_What to do:_ Only the pictures are to be dropped; the rest of the data below is to be duplicated exactly.
*** Given information
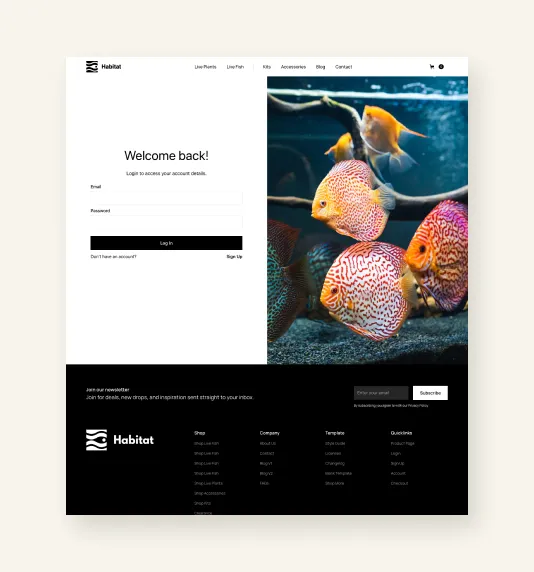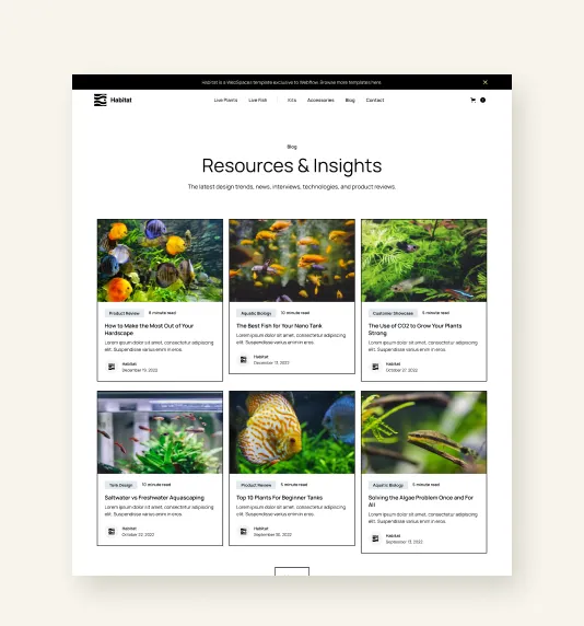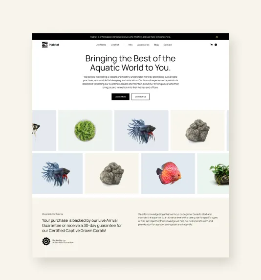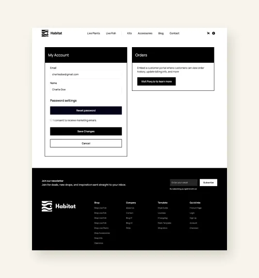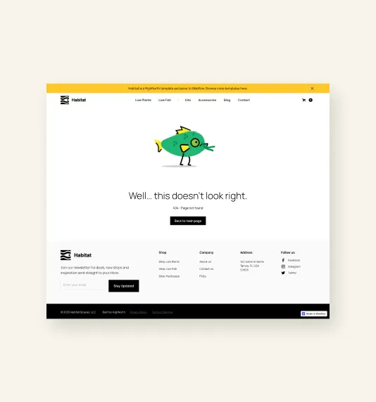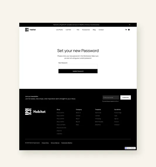 Habitat comes out of the box with all the pages that you need when you build a full scale ecommerce store within Webflow.
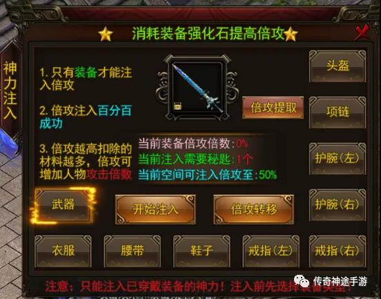 该版本独创神力注入玩法,装备可注入神力,神力可增加人物攻击倍数,注入越多,增加的越多,除此之外还有专属倍攻地图,爆率超高。
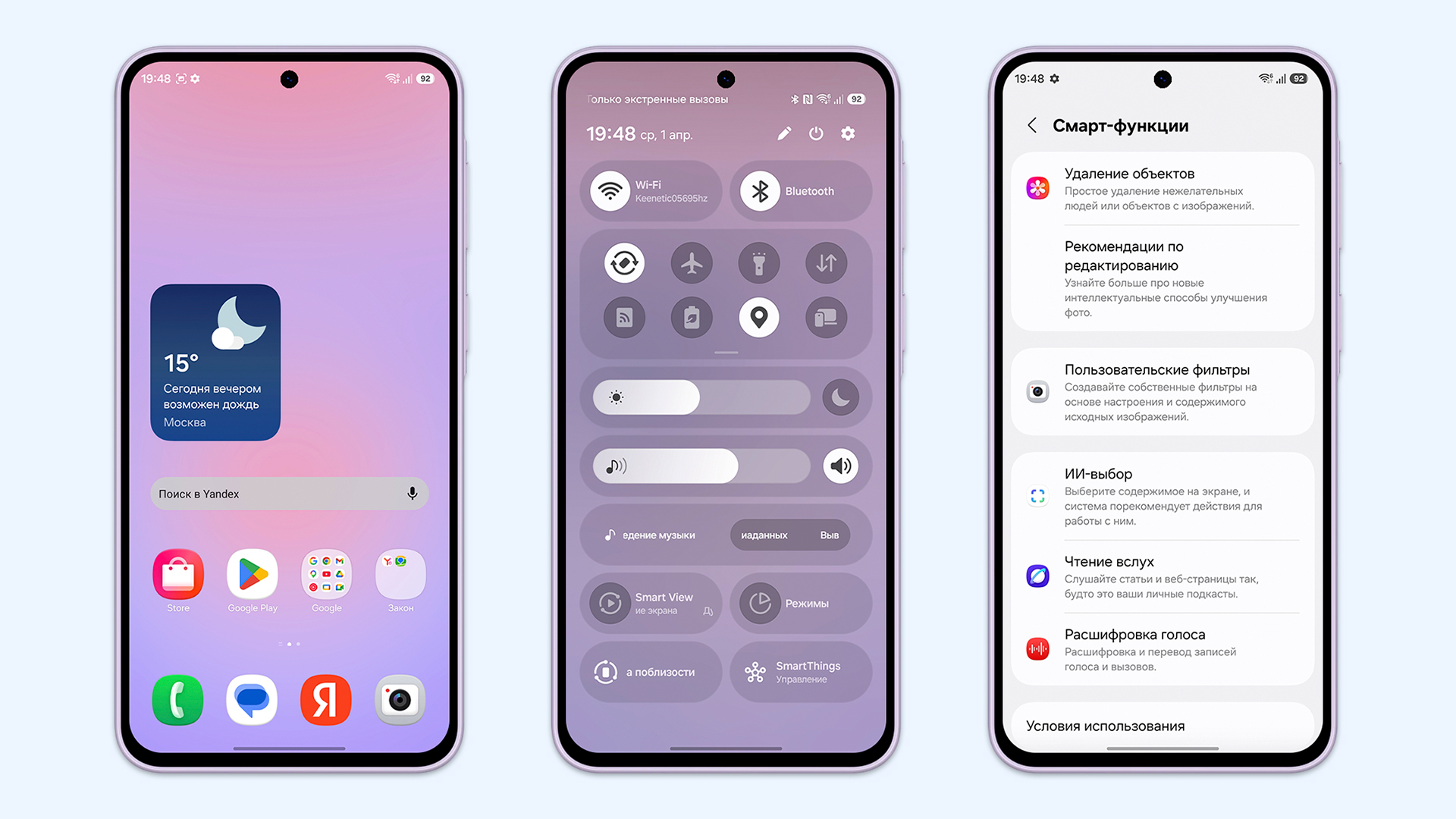 Так как это Galaxy, есть поддержка фирменных ИИ-фишек под названием «Смарт-функции». Они включают в себя удаление лишних объектов с фотографий, создание пользовательских фильтров на основе других изображений, чтение веб-страниц вслух через фирменный браузер и расшифровку диктофонных записей в текст. Последнее будет особенно удобно для студентов. Количество фишек меньше, чем у флагманских моделей, но те что есть полезны в быту.
******
_Response:_
 Habitat comes out of the box with all the pages that you need when you build a full scale ecommerce store within Webflow.
 该版本独创神力注入玩法,装备可注入神力,神力可增加人物攻击倍数,注入越多,增加的越多,除此之外还有专属倍攻地图,爆率超高。
 Так как это Galaxy, есть поддержка фирменных ИИ-фишек под названием «Смарт-функции». Они включают в себя удаление лишних объектов с фотографий, создание пользовательских фильтров на основе других изображений, чтение веб-страниц вслух через фирменный браузер и расшифровку диктофонных записей в текст. Последнее будет особенно удобно для студентов. Количество фишек меньше, чем у флагманских моделей, но те что есть полезны в быту.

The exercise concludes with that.